● **DATA**:
»»

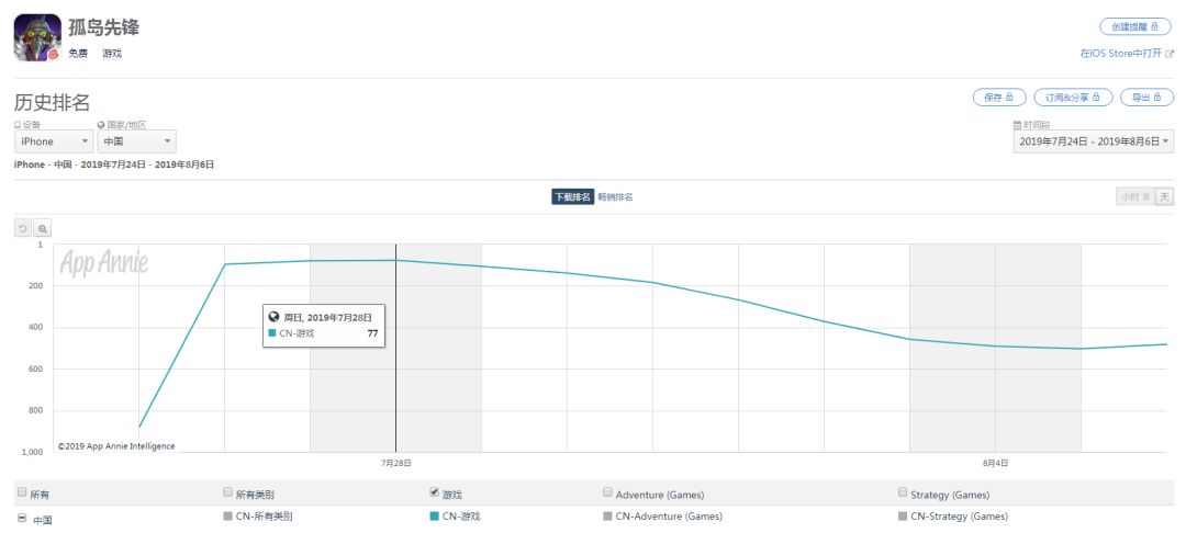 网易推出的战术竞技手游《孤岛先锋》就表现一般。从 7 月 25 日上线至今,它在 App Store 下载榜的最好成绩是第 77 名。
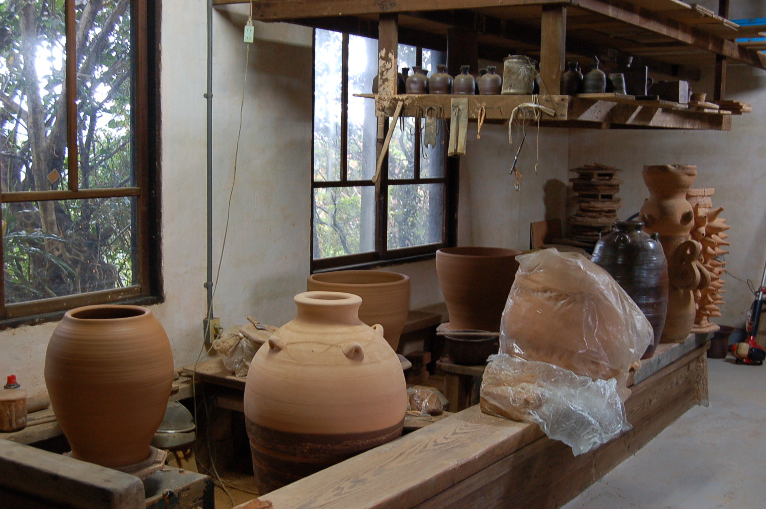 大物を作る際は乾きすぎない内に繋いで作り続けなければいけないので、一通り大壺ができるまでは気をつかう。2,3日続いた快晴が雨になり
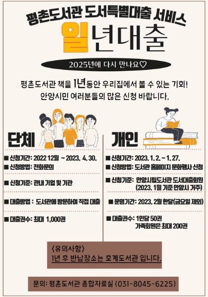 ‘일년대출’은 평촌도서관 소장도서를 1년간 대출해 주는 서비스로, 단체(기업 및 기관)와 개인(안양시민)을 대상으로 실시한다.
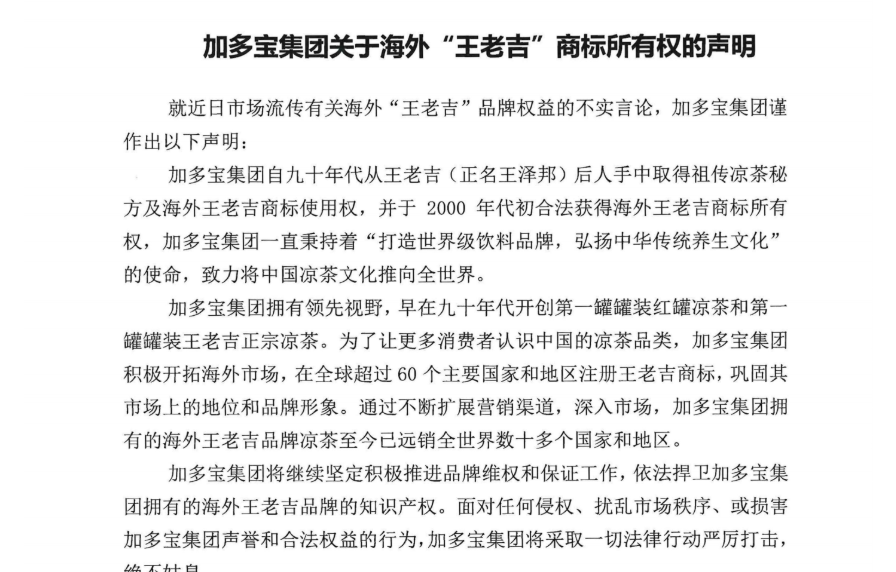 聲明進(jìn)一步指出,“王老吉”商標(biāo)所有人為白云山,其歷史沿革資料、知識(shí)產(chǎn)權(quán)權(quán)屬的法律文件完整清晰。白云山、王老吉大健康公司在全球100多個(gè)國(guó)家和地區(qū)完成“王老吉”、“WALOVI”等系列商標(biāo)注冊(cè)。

««
»»

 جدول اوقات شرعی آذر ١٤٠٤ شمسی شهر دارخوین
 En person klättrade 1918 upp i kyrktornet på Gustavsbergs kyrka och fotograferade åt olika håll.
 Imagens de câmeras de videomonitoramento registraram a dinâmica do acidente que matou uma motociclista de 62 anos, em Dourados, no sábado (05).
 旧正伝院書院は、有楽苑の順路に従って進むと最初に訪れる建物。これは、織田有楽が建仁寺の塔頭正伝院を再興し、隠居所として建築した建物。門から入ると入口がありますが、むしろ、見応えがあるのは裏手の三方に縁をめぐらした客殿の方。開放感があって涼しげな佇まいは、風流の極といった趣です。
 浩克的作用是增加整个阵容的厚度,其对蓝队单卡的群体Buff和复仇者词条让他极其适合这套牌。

««

● **WORK TO COMPLETE**:
Reproducing the whole listing above is not the task. Copy exactly only the lines from the one with "En person klättrade" to the one with "浩克的作用是增加整个阵容的厚", both kept.

● **OUTPUT**:
 En person klättrade 1918 upp i kyrktornet på Gustavsbergs kyrka och fotograferade åt olika håll.
 Imagens de câmeras de videomonitoramento registraram a dinâmica do acidente que matou uma motociclista de 62 anos, em Dourados, no sábado (05).
 旧正伝院書院は、有楽苑の順路に従って進むと最初に訪れる建物。これは、織田有楽が建仁寺の塔頭正伝院を再興し、隠居所として建築した建物。門から入ると入口がありますが、むしろ、見応えがあるのは裏手の三方に縁をめぐらした客殿の方。開放感があって涼しげな佇まいは、風流の極といった趣です。
 浩克的作用是增加整个阵容的厚度,其对蓝队单卡的群体Buff和复仇者词条让他极其适合这套牌。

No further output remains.